We stopped paying for Google Adwords 3 years because we could never pay enough to be listed at the top of the page, this has saved us $6,000p.a – Expedia & Booking.com have that cornered.
We then created exclusive rate types i.e. minimum 2 nights for Booking.com & Expedia – just for their platforms – just in case people only found them.
It is amazing how many people find your property direct when price or different inclusions are selling points. I have now stopped using Booking.com for the past 6 months, I have kept Expedia/Egencia live only because of their travel agent network, and our bookings haven’t dropped away.
I will add that we are in a smallish town (population 100,000) with limited accommodation but high demand due to local industry so this may be more the point. 90% off our bookings are direct because our customer know we offer flexibility and work with them to accommodate their changing requirements.

Sarah T
Sarah T
3 years ago

I couldn’t agree more.
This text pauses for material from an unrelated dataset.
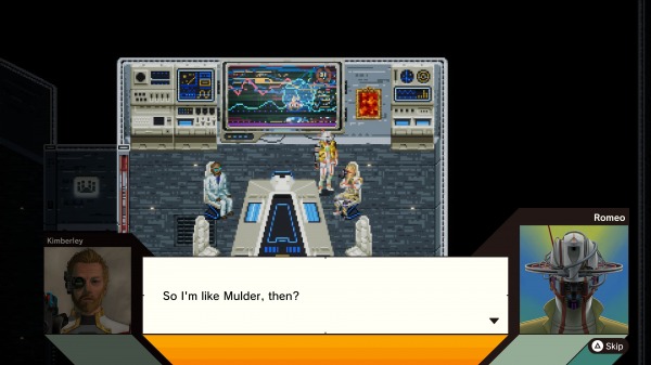 При этом большую часть времени разработчики пытаются скрыть тотальное отсутствие денег. Из-за чудовищно, просто ужасающе плохой лицевой анимации виртуальный оператор старается выбирать ракурсы без двигающихся ртов — а когда это не удается, хоррор получается еще тот. Все диалоги с командой стилизованы под общение в духе JRPG с тонной графомании. Ну, спасибо хоть за кнопку быстрой промотки, что тут сказать.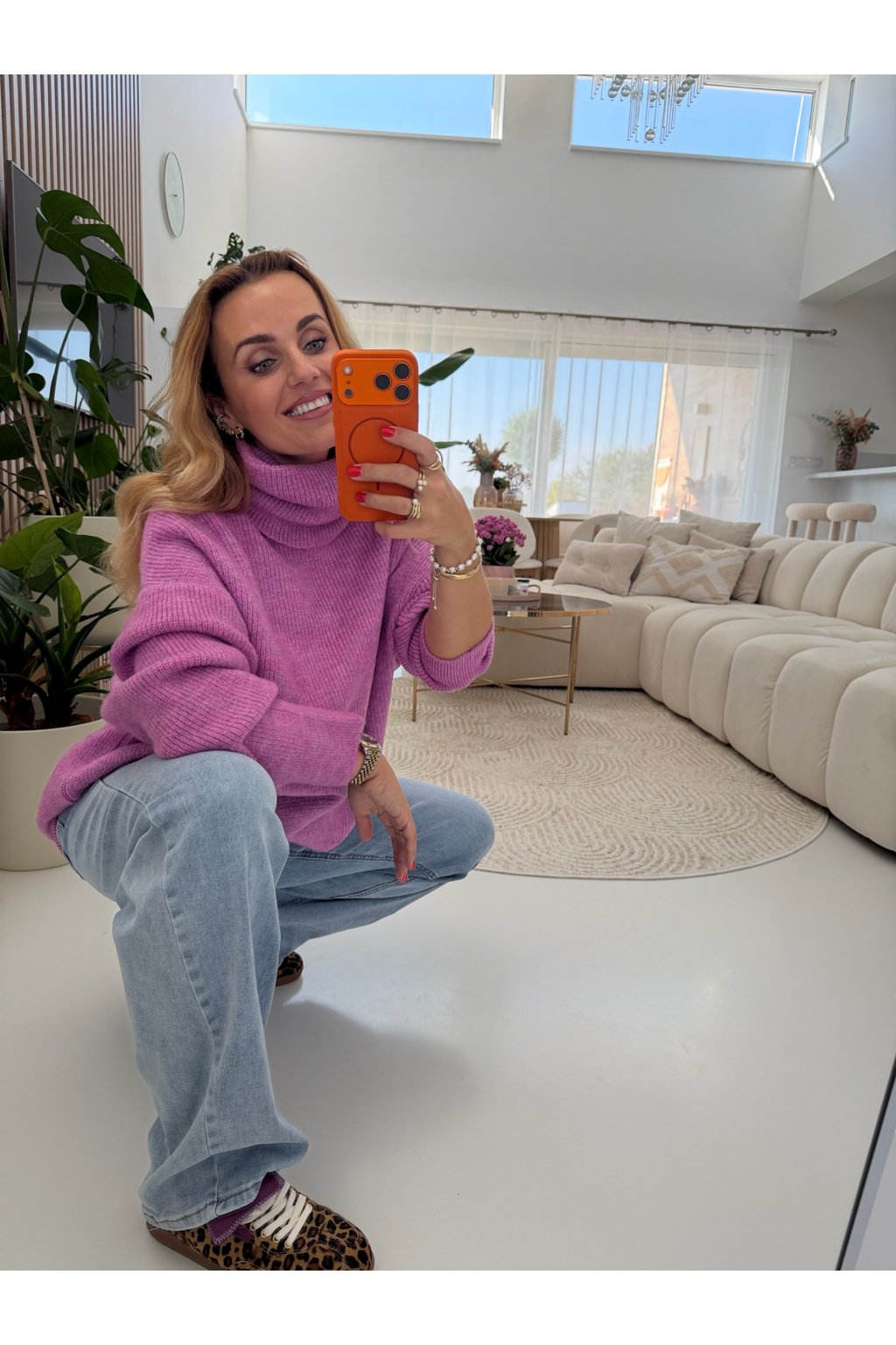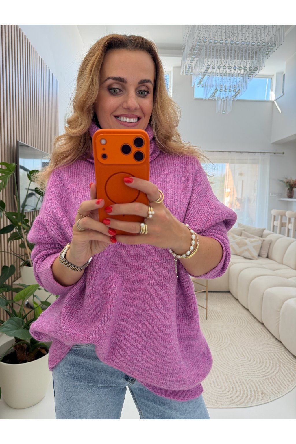 Zamilujte se do ležérní elegance! Tento měkoučký oversize svetr s rolákem je ideální volbou pro chladné dny – zahřeje, ale přitom vypadá stylově. Snadno ho zkombinujete s džínami, legínami i elegantními kalhotami. Sedne od S až do menší velikosti XL.

We get it all the time – guests saying “I’m on your website” or “I thought I booked direct”, but they’re actually clicking on ads. It’s sneaky and frustrating to say the least. I didn’t know it was illegal in other countries. Should definitely be looked at.

Chris
Chris
3 years ago

The most important thing is to ensure that your website creates a great user experience to convert any of these lookers to bookers. OTAs convert more because they spend on marketing yes, but they also have sleek websites and are designed with the consumer experience in mind.
I’d suggest reviewing your website and look at it from a customer perspective, a website upgrade would certainly help convert more direct business.
I’d then look at other options, such as creating more flexible terms for guests booking on your site. A better price point and then throw in some inclusions too such as a later checkout or whatever additional value adds you can offer.
Guests often find a property online and then will check the direct site, it’s called the ‘Billboard Effect’, use the OTAs to your advantage and then blow them out of the water when their customers come to your site.

Neil Devonport
Neil Devonport
3 years ago

We had to spend $20,000 per month to buy ‘our own market share’ back on google, it was ridiculous. Industry bodies have refused to address this massive issue, perhaps from not understanding it and ACCC when complained too, refused to launch an investigation.

Stephen M
3 years ago

Booking.com do everything they can to undermine their accommodation partners. One particular thing that annoys me to no end is that whenever they send an email our to a guest, they use the property name and the sender information. Not from “booking.com on behalf of property xyz”, but from “Property XYZ”. They are literally trying to pass themselves off as the properties they list.